Motivation is complex and multi-faceted. Both biological and environmental factors play a role in motivation as related to healthy eating. The brain structures of the limbic system and the hypothalamus aid in the behavior of eating as well as the processes of energy storage and fullness. The hormones leptin and dopamine are also biological factors that play a role in the behavior of eating. Evolution of humans as well as a person’s genetics is important in understanding how one eats and what one eats. When there is pressure in today’s society to make unhealthy decisions, a positive social circle as well as promotion of healthy choices is vital in motivating one to eat healthy. When these factors are combined together, the result can be a motivated individual who makes the proper choices to maintain a healthy eating lifestyle.
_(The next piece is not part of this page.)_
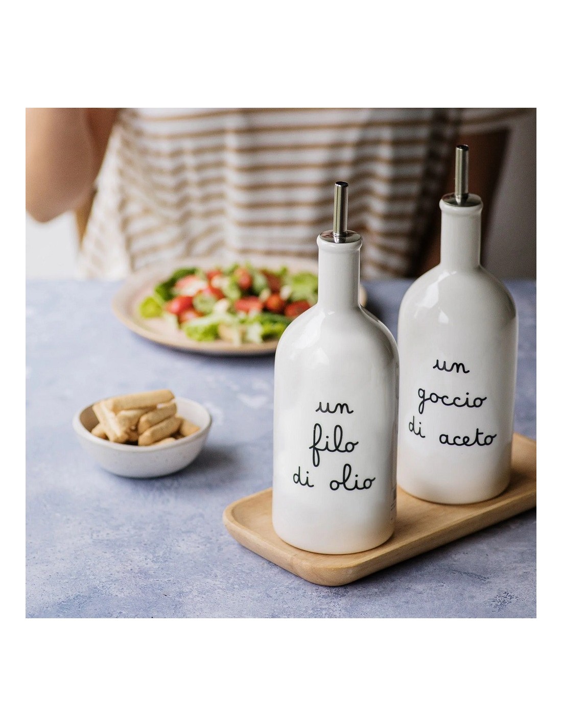 La forma minimale e il decoro Un filo d'olio sono l'ideale per adattarsi sia sulle tavole più eleganti che su quelle di tutti i giorni. Può essere anche un'idea regalo essendo un accessorio utile in ogni cucina.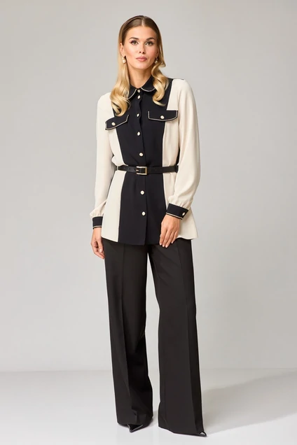 Костюм состоит из блузки и брюк. Блузка прямого силуэта из плательной ткани 2-х цветов. По переду центральная застежка. Воротник со стойкой. Перед с рельефами и декоративными клапанами. Рукав втачной одношовный. Низ рукава собран на манжету с застежкой на петлю и пуговицу. По клапану, воротнику и манжете настрочена отделочная тесьма. Спинка, манжеты, воротник, внутренние части переда выполнены из ткани черного цвета. К блузке прилагается ремень из кожзама с металлической пряжкой. Брюки расширеные книзу с притачным поясом. Спереди застежка гульфик на молнии и петлей и пуговицей по поясу. По задней частям брюк вытачки. Пояс срезинкой в боковых частях. Брюки с заутюженными стрелками. Фурнитура может быть изменена с сохранением художественного образа. Длина блузки: 73 см, длина рукава: 61 см. Длина брюк: 109 с учетом пояса. Брюки: ПЭ -97%, спандекс -3%

Braine, M. (2009). The role of the hypothalamus, part 1: the regulation of temperature and hunger. British Journal of Neuroscience Nursing, 5(2), 66-72.
Deckers, L. (2010). Motivation: biological, psychological and environmental (3rd ed.). Boston, MA: Pearson/Allyn & Bacon.
Pinel, J. (2009). Biopsychology (7th ed.). Boston, MA: Pearson/Allyn & Bacon.
Sterner, D. (2009). What is healthy eating? RN, 72(6), 38.
Udden, J., Bjorntorp, P., Arner, P., Barkeling, B., Meurling, L., & Rossner, S. (2003). Effects of glucorticoids on leptin levels and eating behaviour in women. Journal of Internal Medicine, 253(2), 225-231.
Volkow, N., Wang, G., Maynard, L., Jayne, M., Fowler, J. S., Zhu, W., Logan, J., Gatley, S. J., Ding, Y., Wong, C., & Pappas, N. (2002). Brain dopamine is associated with eating behavior in humans. The International Journal of Eating Disorders, 33(2), 136-142.